4. Evaluation Suite and Benchmarks

OpenHands includes an evaluation harness with support for over 15 benchmarks, spanning:

  • Software engineering: SWE-bench, HumanEvalFix, ML-Bench, BIRD, Gorilla APIBench, ToolQA, BioCoder.
  • Web agent tasks: WebArena, MiniWoB++.
  • Complex reasoning and multi-turn assistance: GAIA, GPQA, AgentBench, ProofWriter, Entity Deduction Arena, MINT.

Success metrics are defined by each task:

  • Code tasks: percentage of issues fixed to specification or test-based objective pass rates.
  • Web and navigation tasks: success rates on web automation or interaction goals.
  • QA/reasoning: accuracy, completeness, or multi-step solution correctness.

The platform logs LLM inference costs and execution times, enabling comparative efficiency studies.

Recent evaluation results:

  • SWE-bench Lite: 26% success rate
  • HumanEvalFix: 79%
  • WebArena: 15%
  • GPQA (graduate-level QA): 53%

These results are competitive with or exceed specialist agent baselines, reflecting the system’s versatility and robust architecture.

5. Multi-Agent Coordination and Human-in-the-Loop Interaction

OpenHands supports both multi-agent orchestration and interactive human-guided workflows:

  • Agent Delegation: Using AgentDelegateAction, agents can automatically hand off subtasks to the most qualified collaborator, supporting division of labor and skill specialization in composite solutions.
  • Dynamic Multi-Agent Compositions: Coordination protocol vocabulary simplifies creation and management of agent teams, enabling experimentation with cooperation and emergent behaviors.
  • Human-in-the-Loop UI: The platform exposes graphical interfaces through which users can visualize agent behavior, intervene manually, or co-work on tasks in real-time. This enables agile research into mixed-initiative development and pair-programming scenarios.

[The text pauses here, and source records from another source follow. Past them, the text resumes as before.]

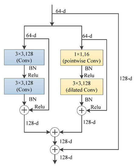 For the better deployment of deep neural networks to self-driving cars, it is necessary to reduce the number of model parameters and decrease the complexity of the network. Inspired by the design ideas of lightweight neural networks such as MobileNet [38] and SqueezeNet [39], 1 × 1 pointwise convolution has the property of equalizing the receptive field, and it is commonly used for the operation of neural network dimensional variation, with the characteristics of less parameters and less computation. We combine the dilated convolution with 1 × 1 pointwise convolution to generate an improved dilated convolution lightweight module. It is worth noting that too much use of dilated convolution to lighten the neural network may bring a large loss and lose some feature information. Therefore, an improved fused dilated convolution structure can be obtained by fusing the proposed dilated convolution block with the original residual convolution block, as shown in Figure 8. It may obtain the lightweight effect without increasing the loss of accuracy as well as achieving better trade-off between speed and accuracy.
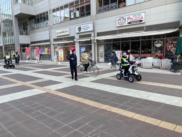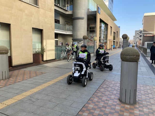 パーソナルモビリティの最高速度は時速6kmですが、今回の実証では時速10kmで走行するパーソナルモビリティにデジタル保安要員(*)を装備し、歩行者や自転車と協調して安全に走行できることを証明するための実証実験を行いました。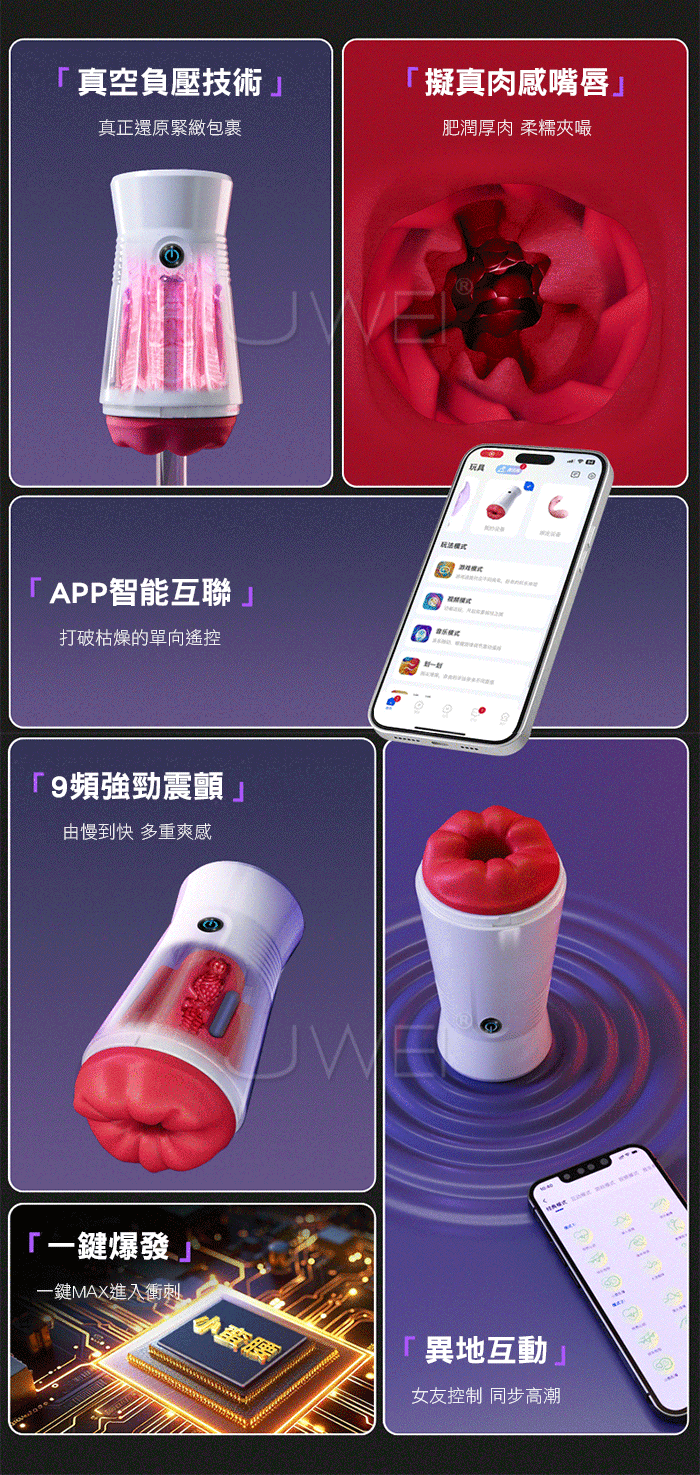 | 小蠻腰.9頻強勁震顫 真空負壓吮吸 APP智能遠控口愛飛機杯

These features facilitate both research on agent collaboration and practical deployments incorporating human oversight.

6. Community and Open Science Contributions

OpenHands has established a broad contributor base, reflecting its open-source orientation:

  • Contribution Scope: Over 2.1K contributions from 188+ contributors, including agent modules, evaluation benchmarks, codebase maintenance, and documentation.
  • Collaboration: Integrates agents, tools, and benchmarks authored by both academic and industrial consortia.
  • Permissive Licensing: MIT license enables unrestricted academic and commercial use.
  • Community Infrastructure: Includes a public GitHub, evaluation leaderboard, and communication channels for collaborative research and support.

This openness has resulted in rapid dissemination, reproducibility, and accelerated research progress.

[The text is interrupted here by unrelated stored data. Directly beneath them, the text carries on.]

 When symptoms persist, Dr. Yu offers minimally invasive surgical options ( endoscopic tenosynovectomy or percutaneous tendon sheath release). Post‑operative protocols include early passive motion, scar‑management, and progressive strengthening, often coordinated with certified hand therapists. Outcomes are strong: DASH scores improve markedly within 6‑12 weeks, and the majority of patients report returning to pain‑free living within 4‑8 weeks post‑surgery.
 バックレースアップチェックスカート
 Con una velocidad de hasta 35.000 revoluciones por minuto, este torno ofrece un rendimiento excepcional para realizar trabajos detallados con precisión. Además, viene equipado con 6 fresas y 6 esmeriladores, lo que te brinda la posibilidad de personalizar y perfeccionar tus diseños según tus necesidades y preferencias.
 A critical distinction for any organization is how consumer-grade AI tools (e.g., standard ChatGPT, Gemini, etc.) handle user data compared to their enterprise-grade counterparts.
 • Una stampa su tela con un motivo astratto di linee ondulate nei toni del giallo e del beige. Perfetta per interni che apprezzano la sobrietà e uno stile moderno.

7. Representative Applications and Future Prospects

OpenHands has been deployed across diverse applications:

  • Autonomous issue fixing on real-world codebases (SWE-bench).
  • Cross-domain QA tasks requiring programmatic tool use (GPQA).
  • Real-time web automation and navigation (WebArena).
  • Human–AI collaborative workflows, including interactive debugging and agent-guided code review.

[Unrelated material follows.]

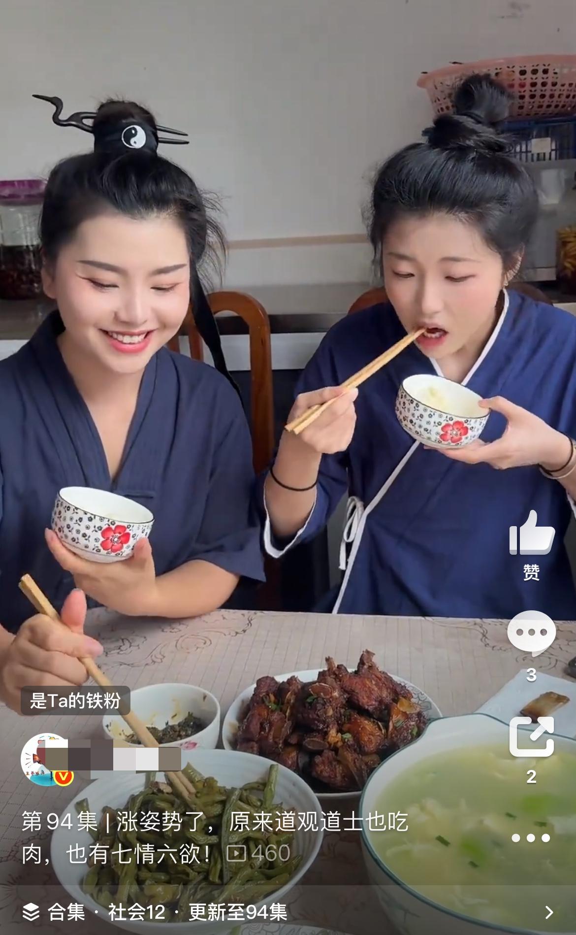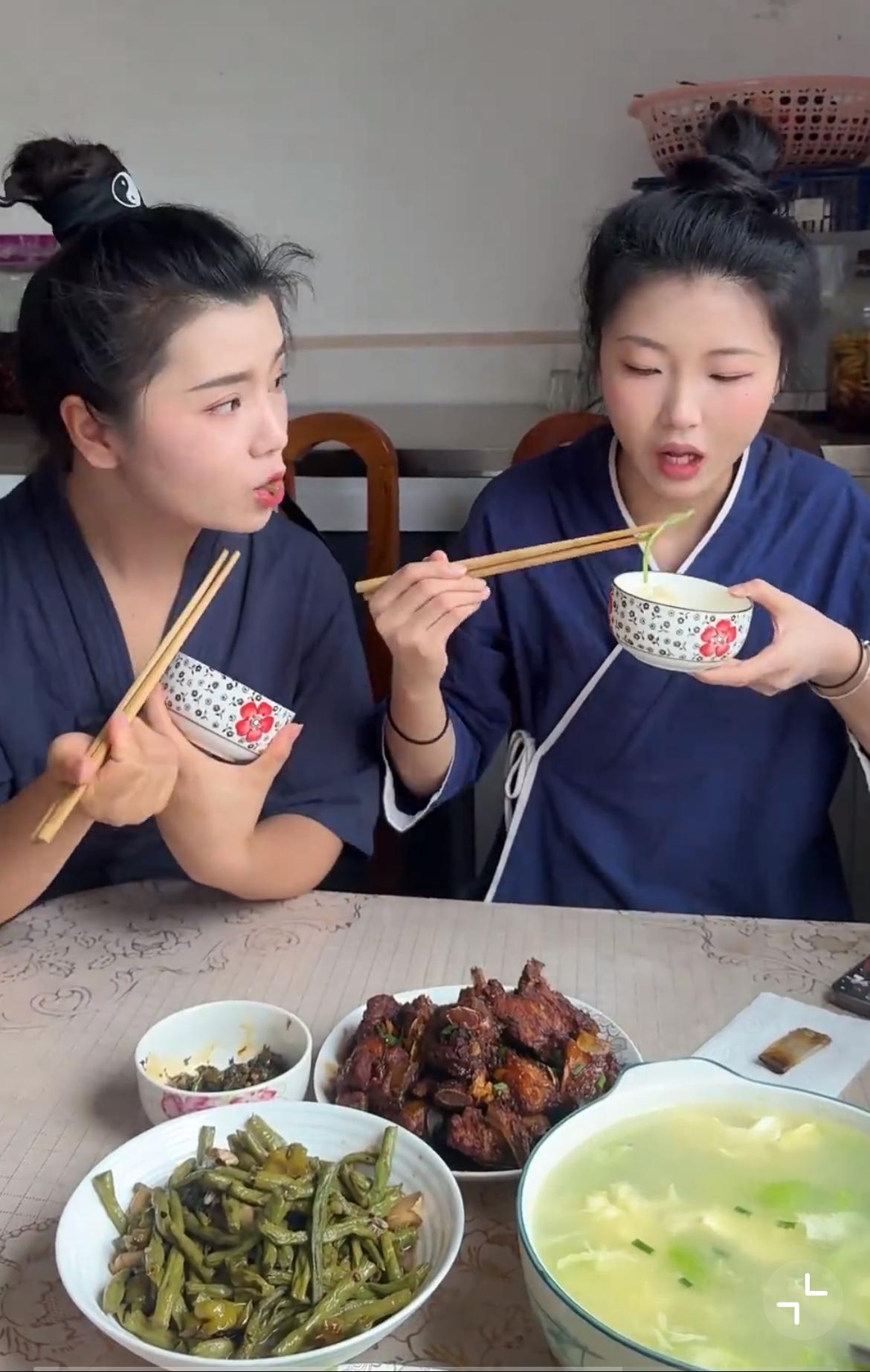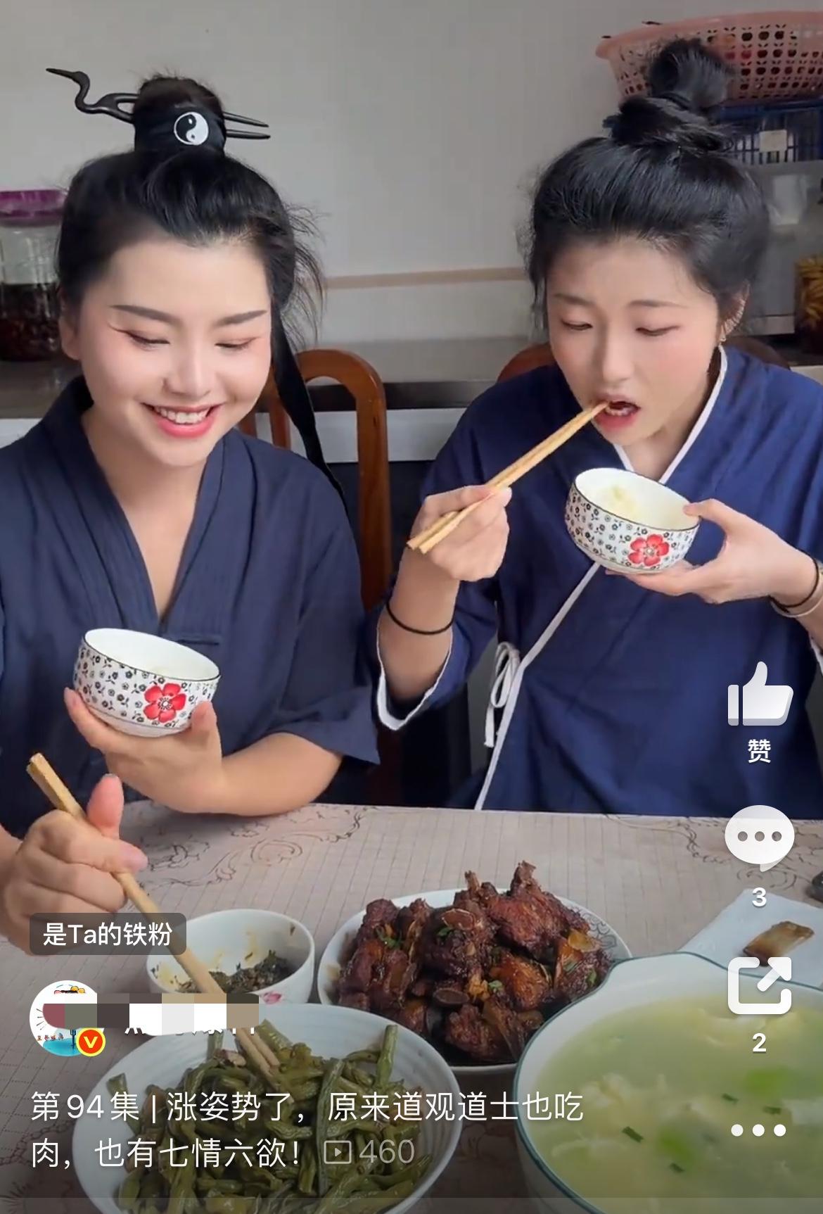 两个道友媛伙食不错啊,看穿衣打扮像道观里的,可是涂脂抹粉妆容却如此精致,是修行还是镀金?再看伙食,真不赖啊,豆角、红薯藤、丝瓜汤、红烧排骨,家常菜不简单,这比很多农家人的伙食要好得多,就是不知道他们那里还缺人吗?骑行媛 道友考核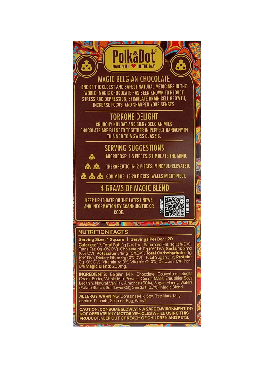 Experience pure bliss with Torrone Delight PolkaDot Magic Mushroom Belgian Milk Chocolate. This exquisite chocolate combines the classic Italian nougat flavor with the enchanting effects of 200mg of magic mushroom per piece. Each bite offers a harmonious blend of creamy chocolate, crunchy nuts, and chewy nougat, delivering a sensory delight like no other. Whether you’re treating yourself or sharing with friends, this chocolate is sure to elevate your experience to new heights of euphoria and relaxation.

Ongoing research areas, suggested by current limitations and active development:

  • Enhancement of high-level planning, meta-reasoning, and agentic search strategies for open-ended or ambiguous tasks.
  • Advanced delegation and team orchestration for scaling to complex, multi-stage tasks.
  • Broader support for interactive environments, e.g., GUI-based control and heterogeneous tool integration.

A plausible implication is that the OpenHands framework is positioned as a reference implementation for generalist agent research, and its rapidly expanding ecosystem is likely to seed further studies in human–AI collaboration, secure agent deployment, and reproducible benchmarking in software and web domains.